3. Сколько размерных классов плазмид можно найти в колониях, устойчивых к каномицину?
Сначала найдём место расщепления плазмиды рестриктазой Kpn
Таких участков оказывается два. В результате расщепления из плазмиды вырезается короткий фрагмент длиной 34 пары нуклеотидов, представляющий собой участок гена устойчивости к канамицину:
Нашли сайт рестрикции, выделили фрагмент – 2 балла
Остаётся укороченная линейная ДНК, содержащая нерасщеплённый ген устойчивости к
тетрациклину и расщеплённый ген устойчивости к канамицину.
При сшивании липких концов ДНК-лигазой наиболее часто будут соединяться концы этой молекулы и образовываться кольцо длиной 4585 пар нуклеотидов. Такая ДНК будет сообщать клеткам устойчивость к тетрациклину и не даст устойчивости к канамицину. Второй фрагмент из-за небольшой длины не может замкнуться в кольцо.
Второй вариант лигирования приводит к сшиванию липких концов двух фрагментов. Он
происходит примерно в 10 раз реже, а после сшивки вторая пара липких концов скорее всего также, как и исходный фрагмент замкнётся в кольцо. Таких колец из пары фрагментов может образоваться 4 вида: димеры большого фрагмента в двух разных ориентациях (правый конец с левым концом второго фрагмента и левый конец с правым концом второго фрагмента или правый с правым и левый с левым) и соединения большого и малого фрагмента в двух разных ориентациях (вариант исходной плазмиды и инверсия малого фрагмента). Из них только в варианте исходной плазмиды восстанавливается устойчивость к канамицину.
Линейная молекула, образованная сшиванием двух фрагментов, может присоединить ещё один фрагмент с ещё в 10 раз меньшей частотой.

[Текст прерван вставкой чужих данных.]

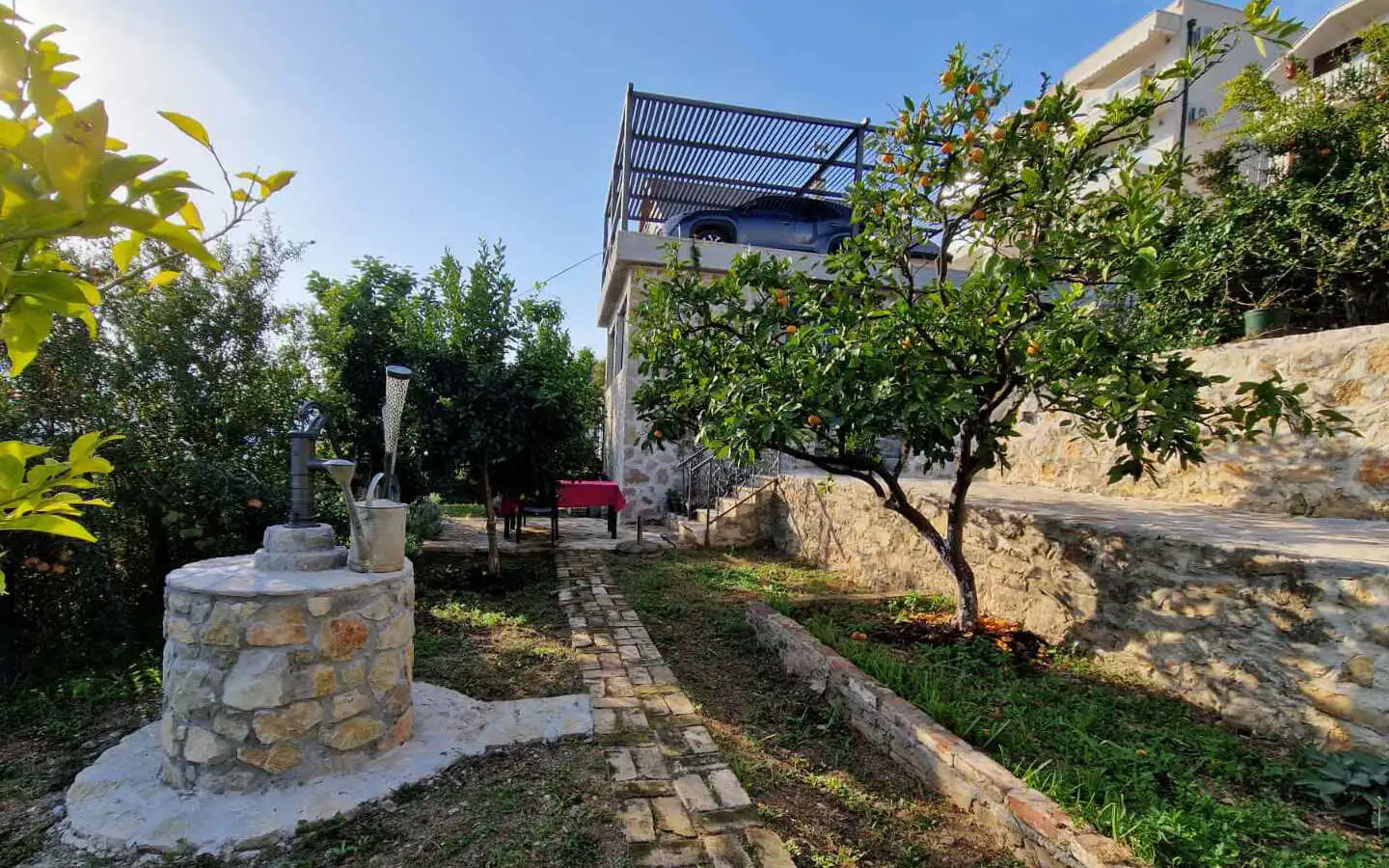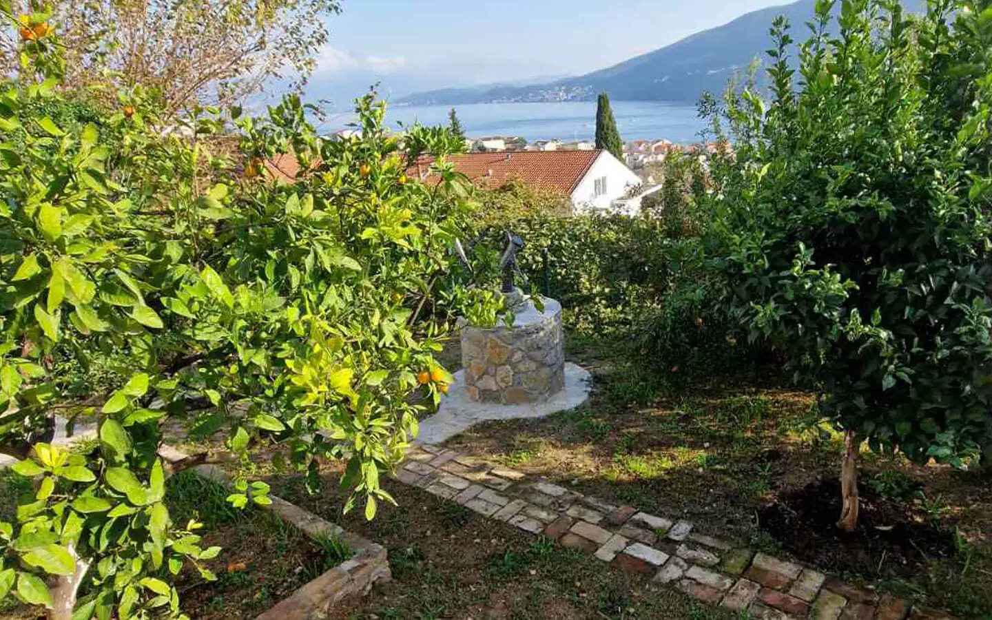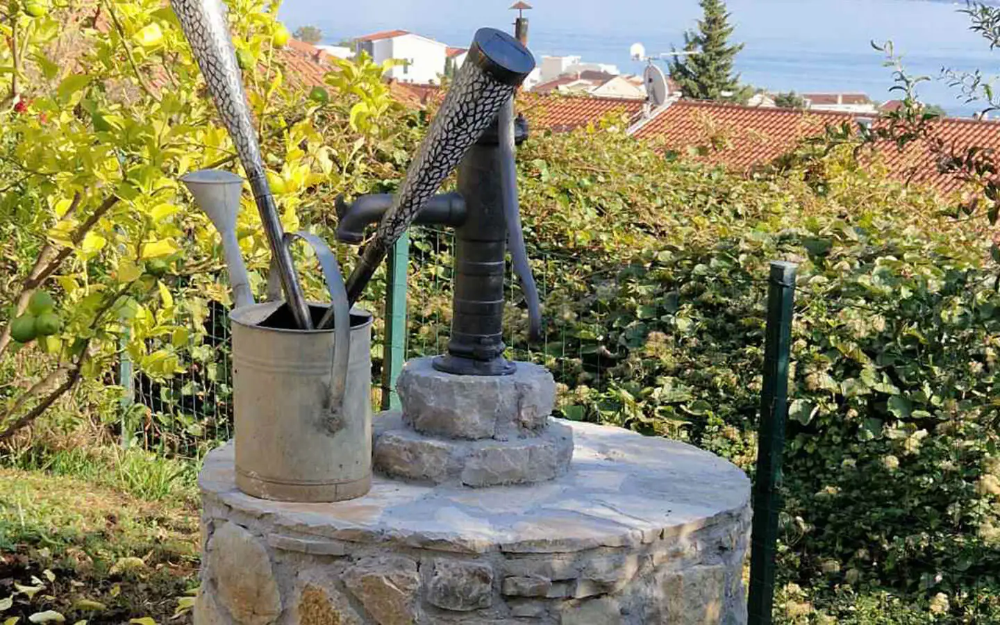 The property is surrounded by a beautiful Mediterranean garden with fruit trees, creating a peaceful and authentic coastal atmosphere. There is a landscaped yard with greenery and natural shade, a traditional stone well that adds charm and historical character, and a terrace with stunning sea views, perfect for relaxing and entertaining with family and friends.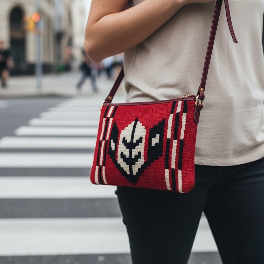This sling bag is crafted entirely from handwoven kilim, celebrating the texture, depth, and character of traditional weaving. A clean leather strap adds contrast and durability, allowing the bag to sit comfortably while maintaining a refined, balanced look. Designed for effortless everyday wear, it carries essentials with ease while telling a story of craft, authenticity, and timeless design.

Такие фрагменты в дальнейшем будут циклизоваться в плазмиды трёх размеров: из трёх больших фрагментов, из двух больших и одного малого, и одного большого и двух малых. Три малых фрагмента дадут короткую последовательность, которая не сможет замкнуться в кольцо и существовать в клетке. В каждом размерном классе будет несколько вариантов с разной ориентацией фрагментов. Только в одном из них восстановится ген устойчивости к канамицину: правый конец большого фрагмента соединяется с левым концом малого фрагмента, а правый конец малого фрагмента – с левым концом второго большого фрагмента, а оставшиеся концы двух больших фрагментов соединяются с образованием кольцевой плазмиды длиной 9205 пар нуклеотидов. Доля таких молекул будет менее 1% всех плазмид. Вероятность образования плазмид из 4 и более фрагментов ещё на
порядок ниже и их обнаружение при данном числе полученных трансформированных клеток нереально.
1. Так как расщепление рестриктазой не затрагивает ген устойчивости к пенициллину, все клетки, в результате трансформации получившие любую плазмиду, будут устойчивы к пенициллину и вырастут на среде с этим антибиотиком. Таким образом из 18356 выросших колоний плазмиду получили 143, выросших на пенициллине. Эффективность трансформации представляет долю трансформированных клеток от общего их числа,
т.е.143:18356*100%=0,78%.
2. На канамицине могут вырасти только те клетки, в которые попали плазмиды, в которых в результате лигирования восстановится последовательность нуклеотидов в гене устойчивости кэтому антибиотику, расщеплённому рестриктазой. Остальные плазмиды, полученные по приведённой методике, будут содержать либо ген с выщепленным коротким фрагментом, что приведёт к сдвигу рамки считывания (т.к. число удалённых нуклеотидов не кратно трём), либо, при инверсии короткого фрагмента, к появлению стоп-кодонов т.е. прекращению синтеза белка.
Таким образом большинство полученных плазмид не обеспечат устойчивости к канамицину.
Рост на канамицине могут обеспечить только плазмиды, несущие восстановленную последовательность гена устойчивости. Такие плазмиды могли образоваться из одного большого и одного малого фрагмента (4620 пар, исходная плазмида) или из двух больших и одного малого (9205 пар, начало и конец гена из разных копий большого фрагмента).
3. Получается 1 размер из одного большого фрагмента, два размерных класса из двух фрагментов и три размерных класса из трёх фрагментов, то есть 6 размерных классов. (В реальности различить по длине плазмиды, отличающиеся на длину малого фрагмента, т.е. менее чем на 1%, невозможно. Поэтому в эксперименте, например на электрофореграмме, будут видны лишь три размерных класса, соответствующие 1, 2 или 3 копиям большого фрагмента.